(Recorded data)
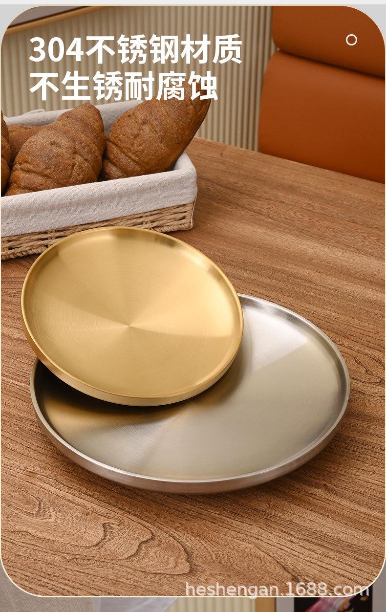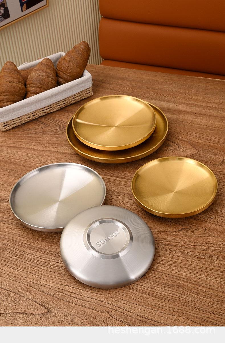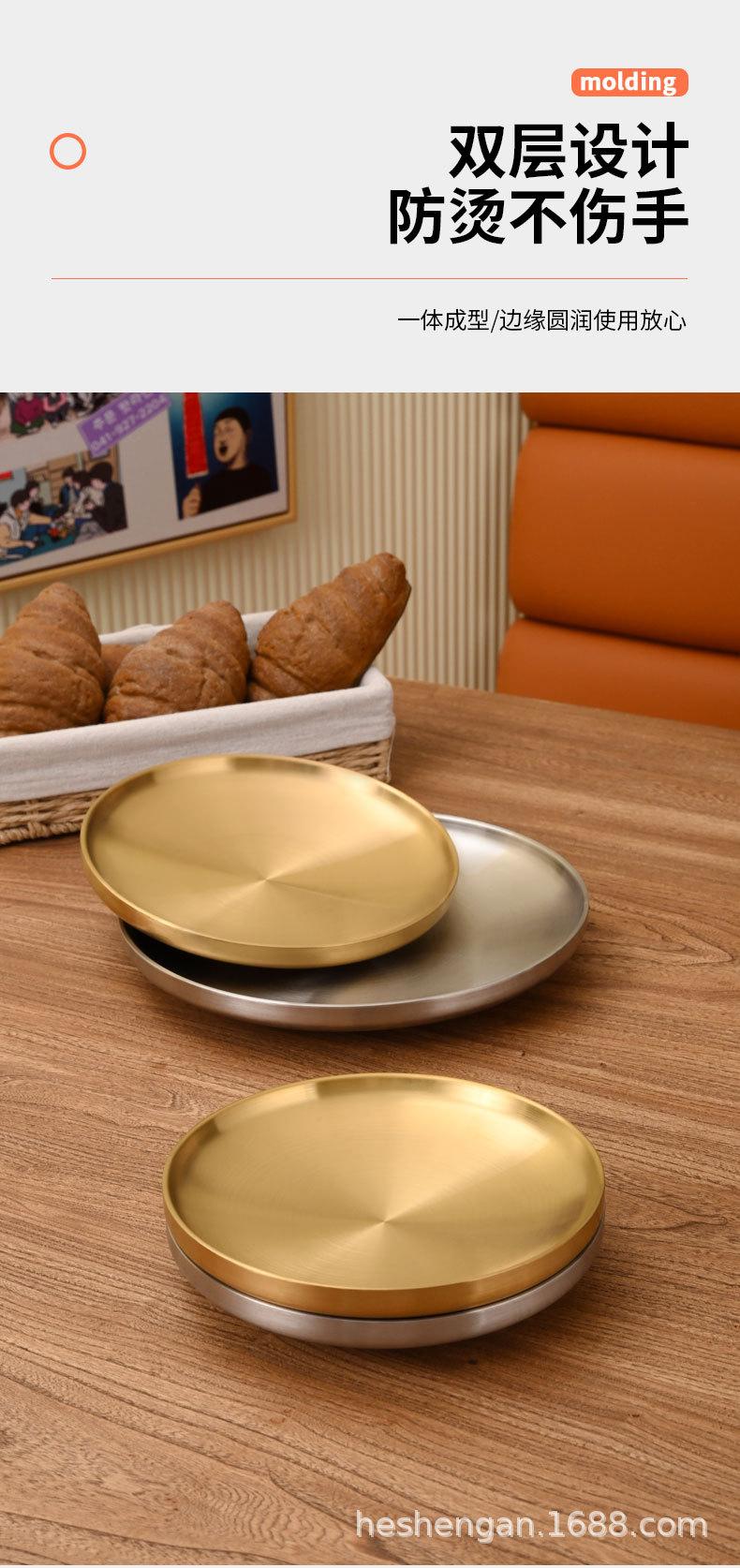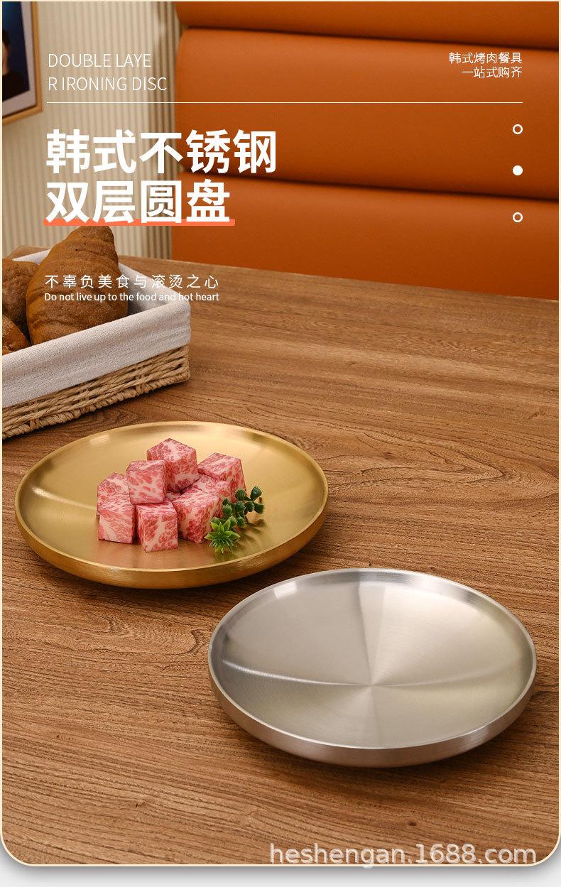 Plato de barbacoa dorado comercial de doble capa de acero inoxidable 304 coreano, plato plano aislado, plato de fruta
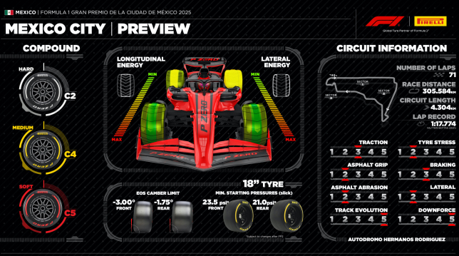 В ходе трёх тренировок командам предстоит тщательно проанализировать поведение на трассе шин Medium и Soft на длинных сериях кругов, чтобы оценить степень их износа. Исторически на трассе автодрома имени братьев Родригес наблюдалось довольно заметное гранулирование резины – в том числе это было связано с тем, что в условиях разреженного воздуха снижается уровень аэродинамического прижима.
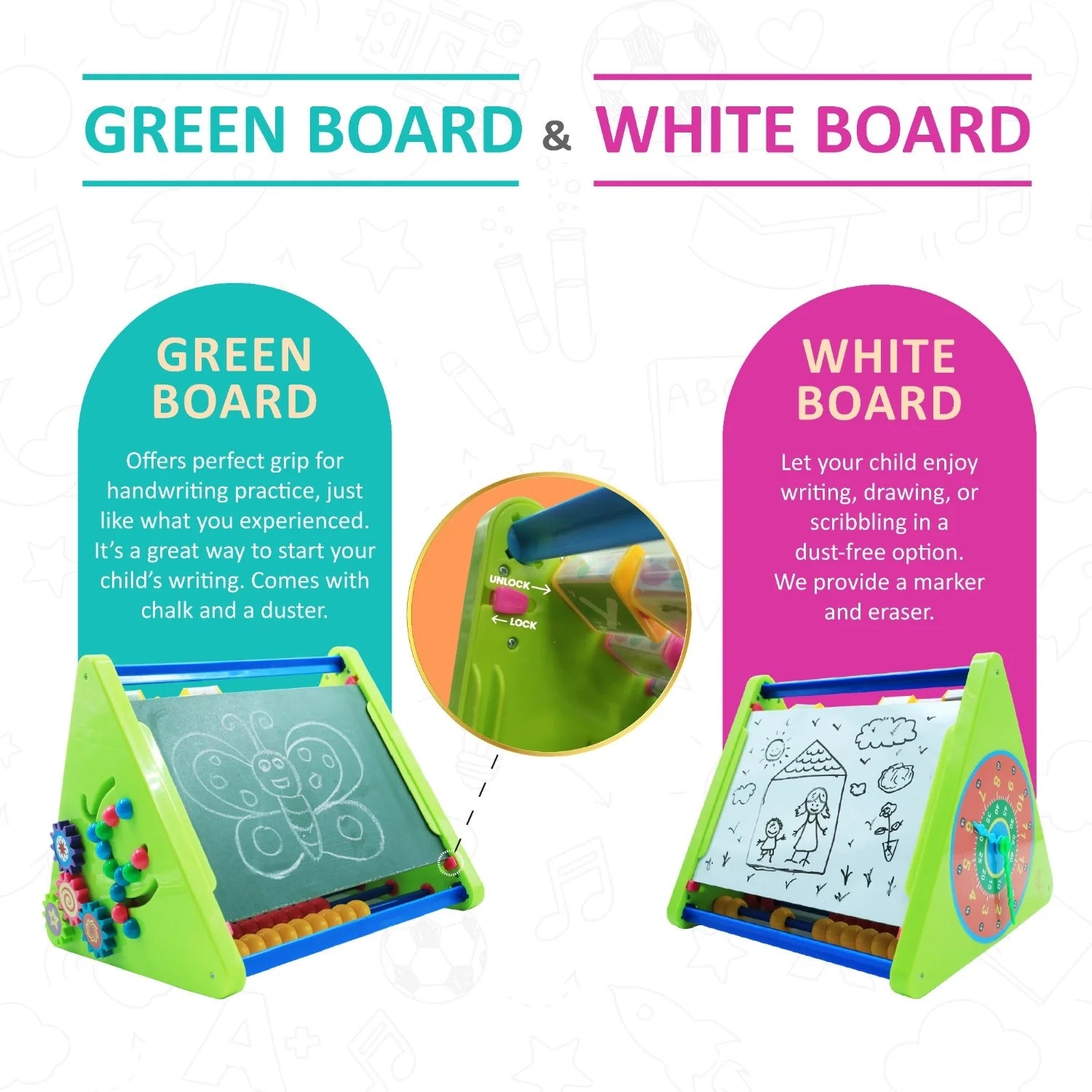 8-in-1 Activity Triangle Toy | Learn English Alphabets, Tamil Letters, States & capitals of India, Abacus, Draw & Writing Board, Clock & Spin Gears – Best Activity Toy for Preschoolers
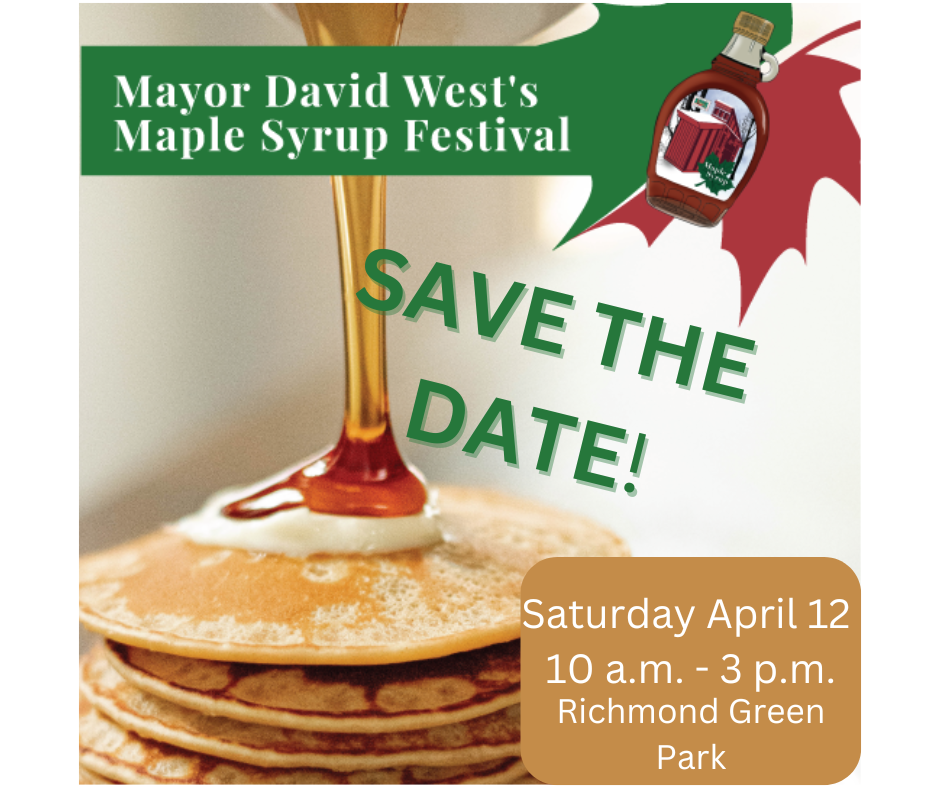 Spring is around the corner and that means it is time for my annual Maple Syrup Festival. Mark your calendar for April 12, 2025 from 10 a.m. to 3 p.m. at Richmond Green Park and I’ll look forward to seeing you then for a taste of maple syrup, a yummy pancake breakfast, and fun for the whole family.
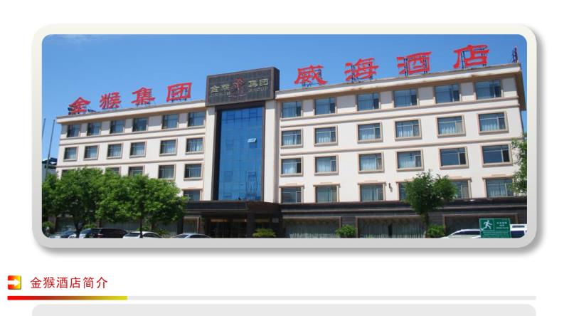 ★金猴集團(tuán)威海酒店座落于威海高技術(shù)產(chǎn)業(yè)開發(fā)區(qū)丹東路88號,是金猴集團(tuán)下設(shè)的全資子公司,酒店于05年6月營業(yè),是以餐飲、客房、會議為主體的掛牌三星級旅游飯店,同時擁有“全國工業(yè)旅游示范點(diǎn)”、“黨政機(jī)關(guān)定點(diǎn)接待飯 店”、“山東旅游服務(wù)名牌”、“威海市優(yōu)秀旅游飯店”四項(xiàng)行業(yè)榮譽(yù)。
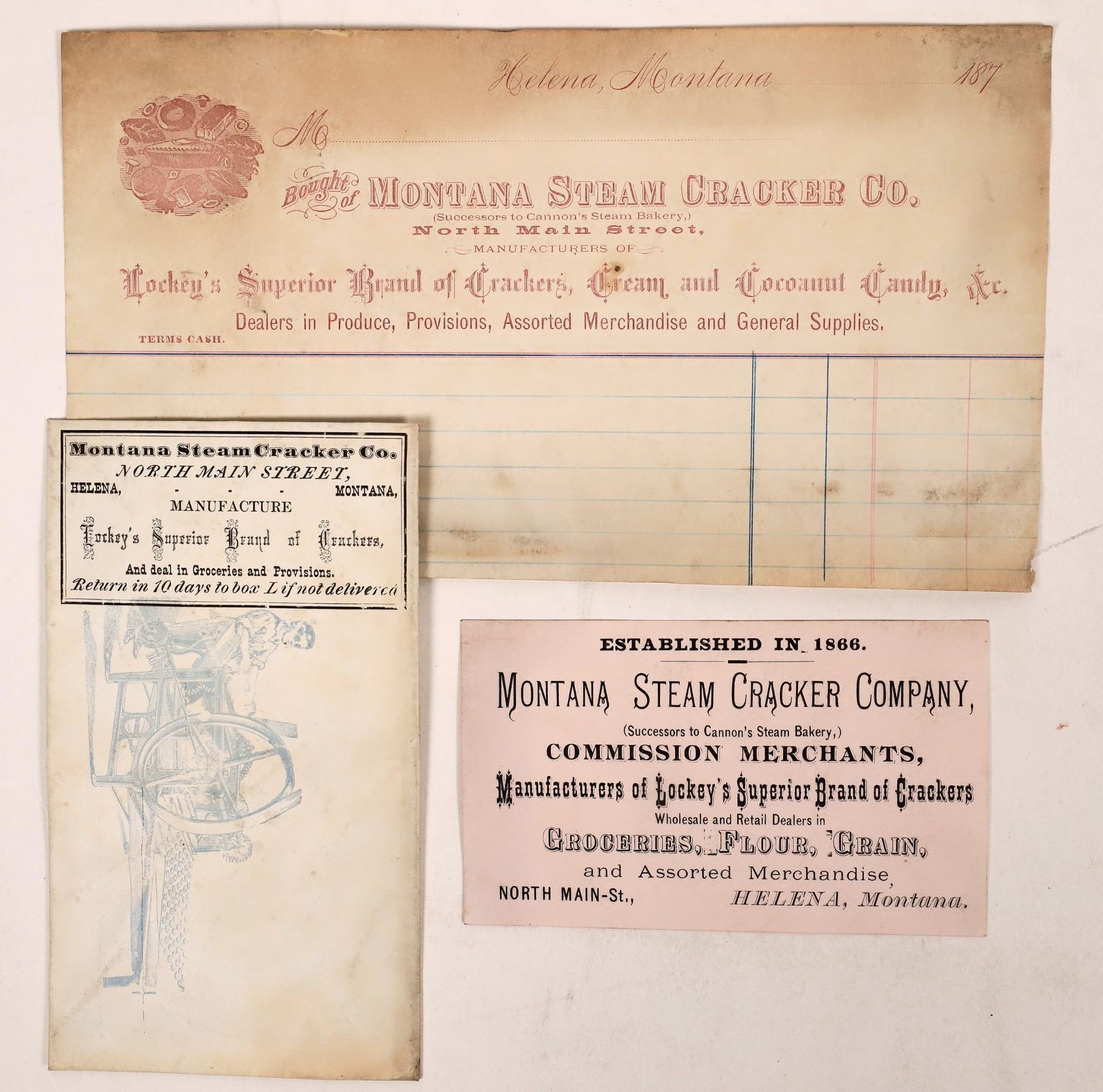 3 advertising pieces from Montana Steam Cracker in Helena. Pink business card, full face advertising cover with blue machine and worker-sealed and wrinkles, c. 1870's pictorial billhead with lower left chip.
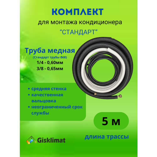 Готовый комплект 1/4 и 3/8 длиной 5 м - идеальное решение для монтажа вашего кондиционера. В категории аксессуаров и запчастей для кондиционеров этот набор выделяется своей универсальностью и качеством. Независимо от бренда вашего устройства, этот комплект подойдет для абсолютного большинства моделей.
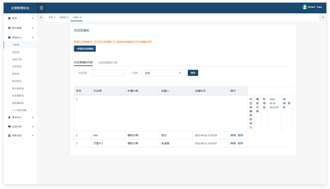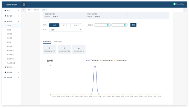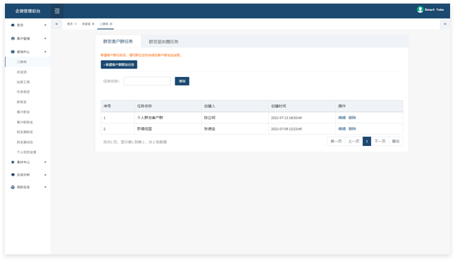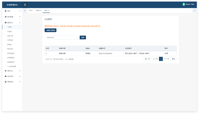 提供客户标签、行为和意向的分析,支持各种消息的群发和任务统计
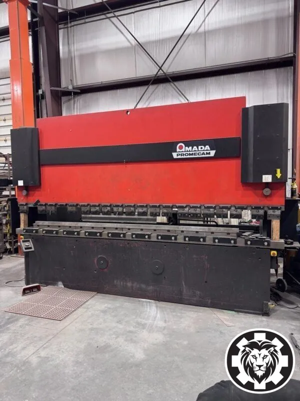 1993 AMADA Promecam HFB 1704, 187 Ton x 13' CNC Press Brake. Features 7-axis control, 5-axis backgauge, 25 HP motor, and tooling. Specs include 148” arm span and 240 IPM approach speed. Compact size, weighing 28,600 lbs, for precision work.

> _What is required_
Each entry must be retyped word for word, with every image omitted.

> _Task result_
 Plato de barbacoa dorado comercial de doble capa de acero inoxidable 304 coreano, plato plano aislado, plato de fruta
 В ходе трёх тренировок командам предстоит тщательно проанализировать поведение на трассе шин Medium и Soft на длинных сериях кругов, чтобы оценить степень их износа. Исторически на трассе автодрома имени братьев Родригес наблюдалось довольно заметное гранулирование резины – в том числе это было связано с тем, что в условиях разреженного воздуха снижается уровень аэродинамического прижима.
 8-in-1 Activity Triangle Toy | Learn English Alphabets, Tamil Letters, States & capitals of India, Abacus, Draw & Writing Board, Clock & Spin Gears – Best Activity Toy for Preschoolers
 Spring is around the corner and that means it is time for my annual Maple Syrup Festival. Mark your calendar for April 12, 2025 from 10 a.m. to 3 p.m. at Richmond Green Park and I’ll look forward to seeing you then for a taste of maple syrup, a yummy pancake breakfast, and fun for the whole family.
 ★金猴集團(tuán)威海酒店座落于威海高技術(shù)產(chǎn)業(yè)開發(fā)區(qū)丹東路88號,是金猴集團(tuán)下設(shè)的全資子公司,酒店于05年6月營業(yè),是以餐飲、客房、會議為主體的掛牌三星級旅游飯店,同時擁有“全國工業(yè)旅游示范點(diǎn)”、“黨政機(jī)關(guān)定點(diǎn)接待飯 店”、“山東旅游服務(wù)名牌”、“威海市優(yōu)秀旅游飯店”四項(xiàng)行業(yè)榮譽(yù)。
 3 advertising pieces from Montana Steam Cracker in Helena. Pink business card, full face advertising cover with blue machine and worker-sealed and wrinkles, c. 1870's pictorial billhead with lower left chip.
 Готовый комплект 1/4 и 3/8 длиной 5 м - идеальное решение для монтажа вашего кондиционера. В категории аксессуаров и запчастей для кондиционеров этот набор выделяется своей универсальностью и качеством. Независимо от бренда вашего устройства, этот комплект подойдет для абсолютного большинства моделей.
 提供客户标签、行为和意向的分析,支持各种消息的群发和任务统计
 1993 AMADA Promecam HFB 1704, 187 Ton x 13' CNC Press Brake. Features 7-axis control, 5-axis backgauge, 25 HP motor, and tooling. Specs include 148” arm span and 240 IPM approach speed. Compact size, weighing 28,600 lbs, for precision work.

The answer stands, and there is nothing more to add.